ALSO, I NEED AN INTERPRETER, BECAUSE I CAN NOT EXPLAIN THE NECESSARY IMPORTANT FACTS TO MY PUBLIC DEFENDER TO PREPARE MY DEFENSE.

THANK YOU FOR YOUR CONSIDERATION IN THIS MATTER.

In the petition, defendant addressed two findings by the PCR judge in his January 27, 1999 ruling: (a) that defendant "had resided in the United States for twenty-four years"; and (b) that defendant had "even briefed this case in English." Concerning those statements, defendant averred:

13. Contrary to [the judge's] erroneous determination, an accurate development of the facts would have established that (1) petitioner came to the United States in 1969, but left in 1970 and did not return until 1986, and, therefore, petitioner was not in the United States for twenty-four years; (2) that, on the cover-page of the pro-se brief submitted by petitioner, filed in the Superior Court of Monmouth County on February 17, 1998, it states, "Mr. DeSouza Received Assistance On The Memorandum of Law," said assistance being provided by an inmate paralegal at the New Jersey State Prison, namely inmate Messam, #217418.

14. The improper factual findings relied upon by [the judge], as well as the absence of assigned PCR counsel at the hearing deprived petitioner of a reliable determination and was a denial of due process and equal protection of law contrary to the dictates of the Fourteenth Amendment of the Constitution of the United States and Article 1, Paragraph 10 of the Constitution of the State of New Jersey and the Fundamental Fairness Clause of the New Jersey Common Law.

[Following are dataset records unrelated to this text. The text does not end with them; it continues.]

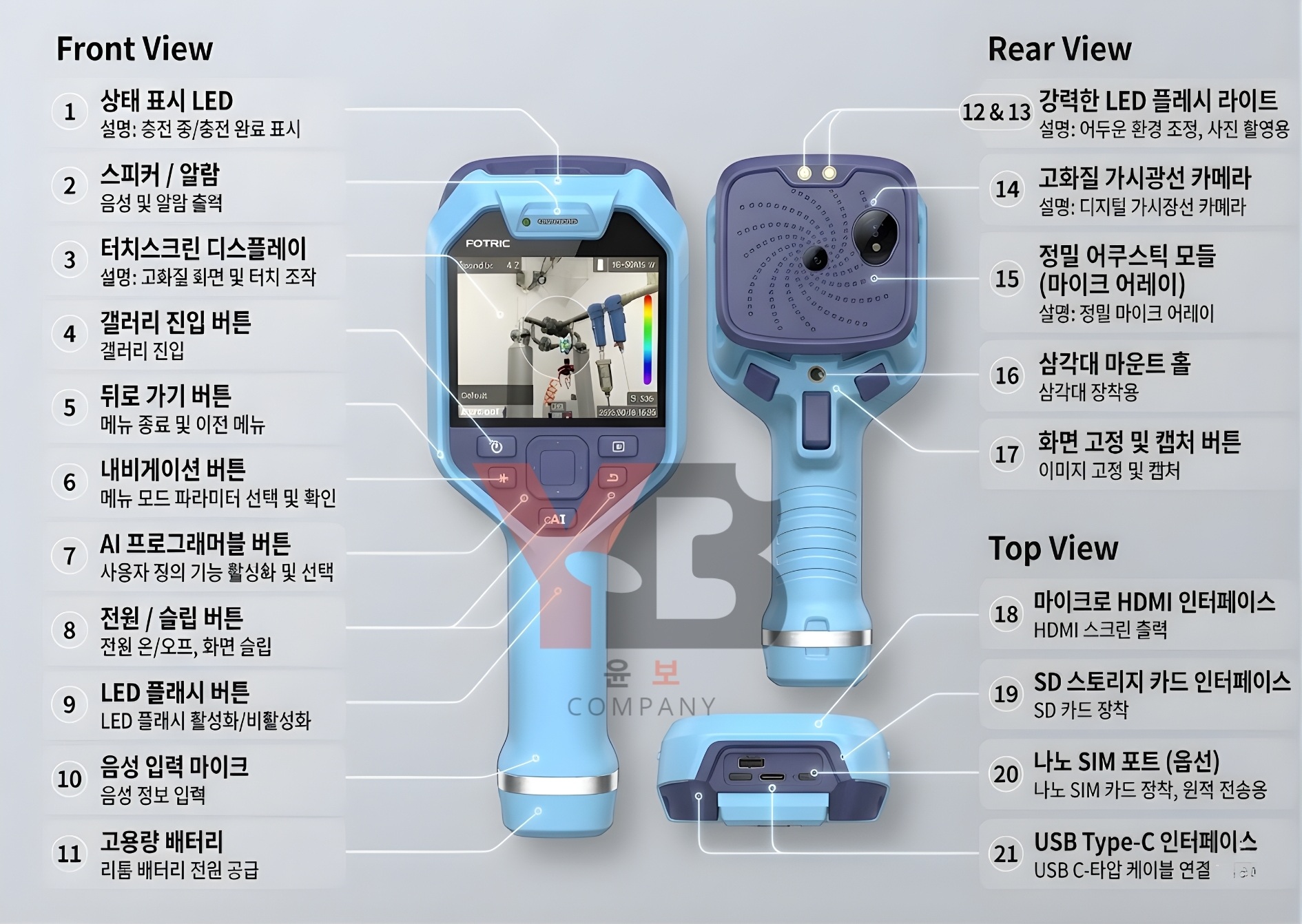 ![]() | 단일 배터리 기준 연속 사용 시간은 4시간 이상이며, 배터리는 교체형입니다. 또한 장비 보호 등급은 IP54로, 다양한 산업 현장에서 휴대하며 점검하기에 적합합니다. |
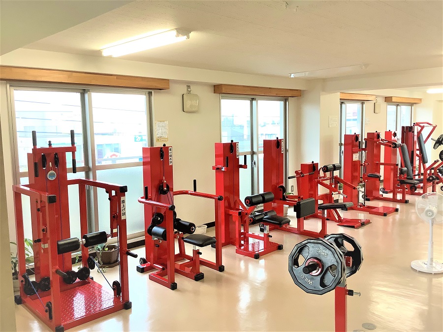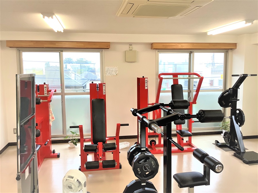 ‍ジム施設の窓に断熱フィルムを貼り付け。
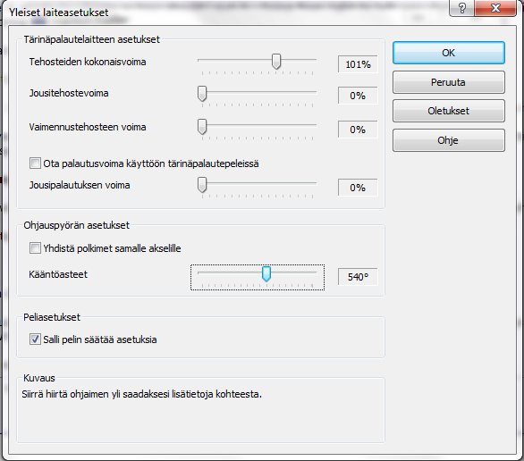 But in LFS (I have tryed couple of things like "let games control your settings" and not letting it do it, searched for the correct settings for the profiler AND the game, still the wheel in the game dosnt really turn the same way i turn it in real life..
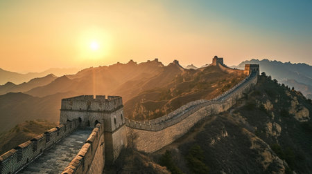 Where Legends Breathe: Golden light bathes the Great Wall as the sun descends, casting long shadows on its ancient path. AI-generated

15. The refusal of assigned trial counsel to have an interpreter assigned resulted in a denial of effective assistance of counsel

constructive denial of counsel, in that, assigned trial only came to see me on three (3) occasions prior to trial. On the first occasion, counsel was accompanied with a putative interpreter, whom I could not understand because he did not speak my native tongue of Portuguese. On the second and third visits, assigned counsel did not attempt to use an interpreter, rather counsel attempted to decipher my broken English on his own. At trial, counsel employed an interpreter, not to assist me by allowing me to have the questions presented to me in my language of Portuguese, and to give me the opportunity to respond in my native tongue, but instead, the "interpreter" was used to repeat the answer that I was forced to give in my broken English in an effort to aid the jury's comprehension.

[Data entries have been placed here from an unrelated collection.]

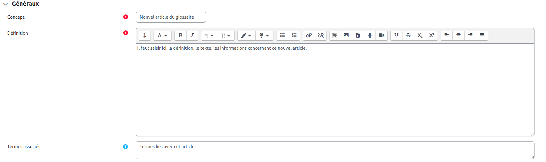 Si le filtre de liens automatiques des glossaires est activé, les articles des glossaires seront automatiquement liés lorsque les expressions définies apparaissent dans le cours.
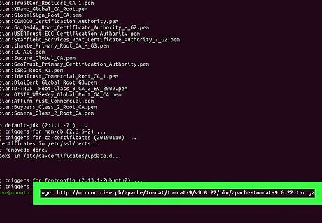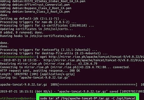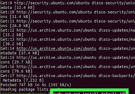 Run sudo apt-get install default-jdk in Terminal. This will install the latest version of the official Java Development Kit on your computer. Type or paste the command, and press ↵ Enter or ⏎ Return to run it. You'll need Java installed on your computer to install and set up Tomcat. If you already have Java installed, this will update it to the latest version. You can skip this step if you already have the latest Java version installed.
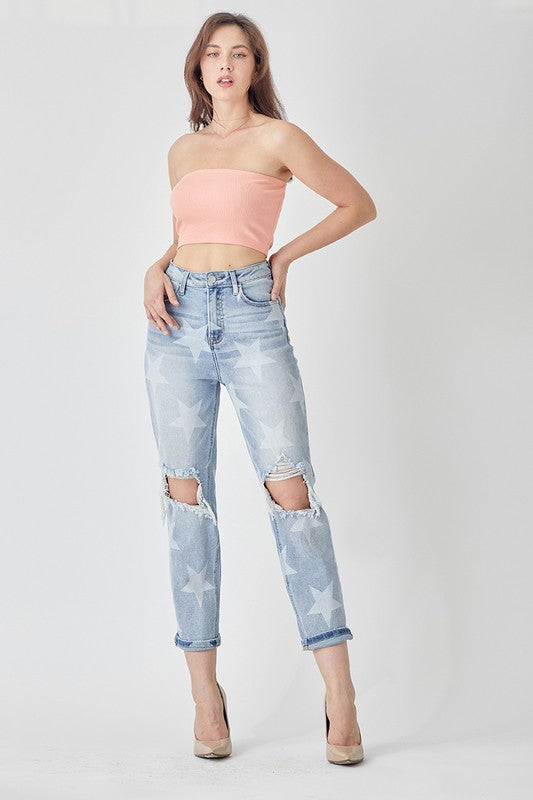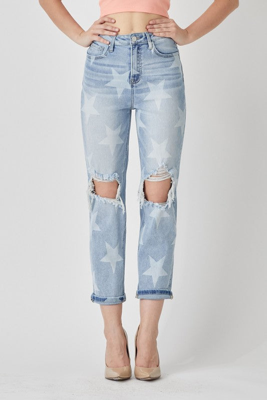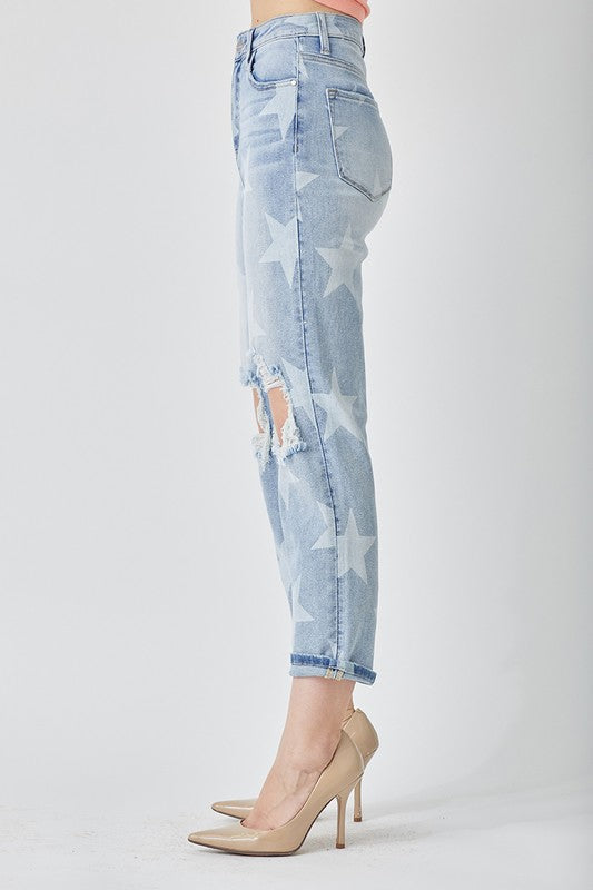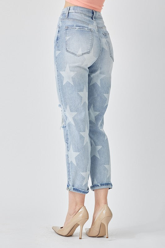 HIGH-RISE STAR PRINTED SLOUCH JEANS
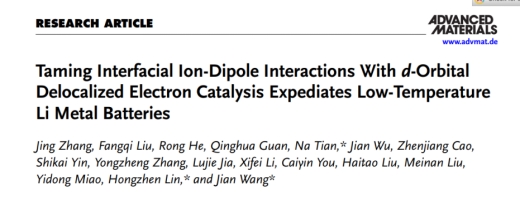 近日,我校材料科学与工程学院金属功能材料团队在能源电极材料领域取得重要学术进展,相关研究成果以《Taming Interfacial Ion-Dipole Interactions With d-Orbital Delocalized Electron Catalysis Expediates Low-Temperature Li Metal Batteries》为题发表于材料领域国际著名期刊《Advanced Materials》(影响因子26.8)。该成果由taptap体育彩票联合中科院苏州纳米、德国亥姆赫兹电化学研究所合作完成,taptap体育彩票为第一作者单位,材料科学与工程学院张静副教授为论文第一作者,taptap体育彩票田娜教授、中科院苏州纳米所蔺洪振研究员和德国亥姆赫兹电化学研究所王健研究员为论文的共同通讯作者。
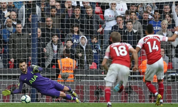 Mười phút cuối trận đấu càng trở nên hấp dẫn khi ở phút 90 trung vệ Davinson Sanchez kéo ngã Aubameyang trong vòng cấm mang về cho Arsenal tình huống phạt đền. Nhưng đứng trước cơ hội mang về cho Arsenal ba điểm, Aubameyang lại không thể đánh bại thủ môn Lloris của Tottenham. Không chỉ mất cơ hội chiến thắng, Arsenal còn phải chơi thiếu người khi tiền vệ Lucas Torreira nhận thẻ đỏ trực tiếp.
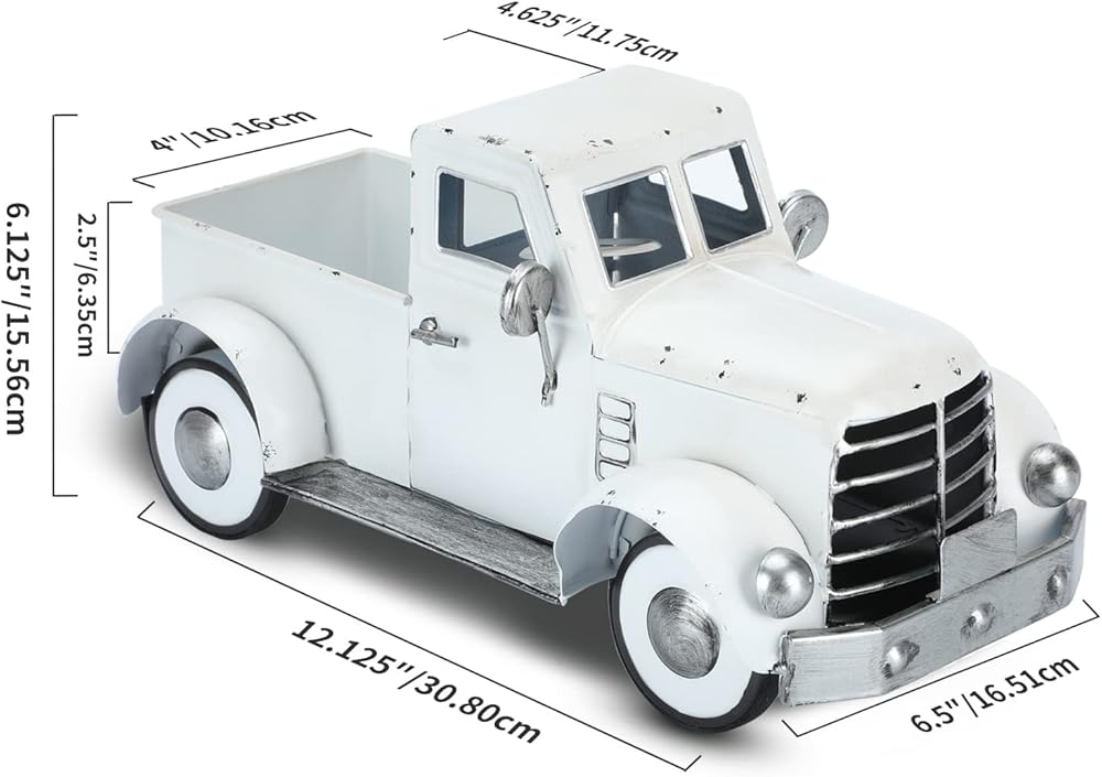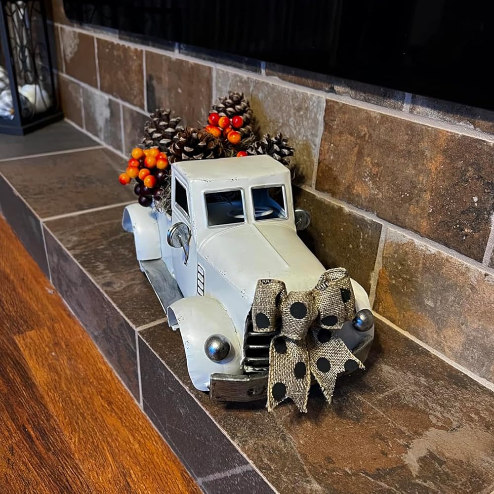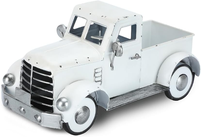 This white country farm truck displays nicely on kitchen, living room, mantel, bookshelves, garage, office, shop and so on.

16. Additionally, prior to trial, during the visits, I told assigned counsel that during the time I was being questioned by the police, I repeatedly told the police that I wanted a lawyer and that the lady who was typing should be called to testify at the hearing. Counsel, not only, did not call this lady as a witness, but did not allow me to testify at the hearing.

When the petition was argued on September 27, 2002, a Portuguese interpreter was present. In addition, PCR counsel noted that he had been assigned to the matter "specifically because I am fluent in the Portuguese language. And I have been able to communicate with my client only in Portuguese at all times." After noting the two significant errors in the judge's January 27, 1999 ruling, defense counsel said:

We're not disputing that Mr. DeSouza has a basic understanding of the English language. He can certainly understand and respond to basic questions. He was certainly able to respond to the police when he gave a statement back in 1992.

But to be able to understand simple questions, and to be able to respond to basic type of questions is much different than being able to understand what's going on in a trial. It's much different than being able to cooperate and to assist his attorney in a defense.

Now, during the trial below an interpreter was brought into the case for a part of the trial. But even that was really only made to assist the jury, and not to assist Mr. DeSouza when he took the witness stand.

Judge, I think that based on that key piece of information as to the length of his stay in the United States, that that certainly would give the defense, that the Court should give the defense an opportunity to present evidence with regard to the knowledge of the English language, the contacts that Mr. DeSouza had with individuals back in 1992, and the extent to which he could or could not understand fully the proceedings that were going on at the ten day trial back in 1993.

I think, Judge, that one of the reasons that I was assigned this case, besides the fact that I could speak fluently in Portuguese with him, is really that I understand that there is a very big difference in being able to communicate on a lay type of basis with a person, hello, how are you, what happened, that type of basic information, versus the understanding and the comprehending of a criminal trial in the United States.

Certainly, I came to the United States when I was ten years-old. I went to grade school, high school, college and law school in the United States. And certainly I can go to Portugal and I can hold a conversation with someone who speaks Portuguese or Brazilian with not too much difficulty.

But the terms used in the law here in the United States, the procedures, the elements of crimes, the potential defenses, those are all very highly technical type of language idiosyncrasies.

I certainly would not be able to explain, in his native language, what an imperfect self-defense might be; what elements of a particular crime might be.

And that's why an interpreter who can translate all the terms of a trial, not just the basic language that one might be able to understand and speak, was a necessity in this case.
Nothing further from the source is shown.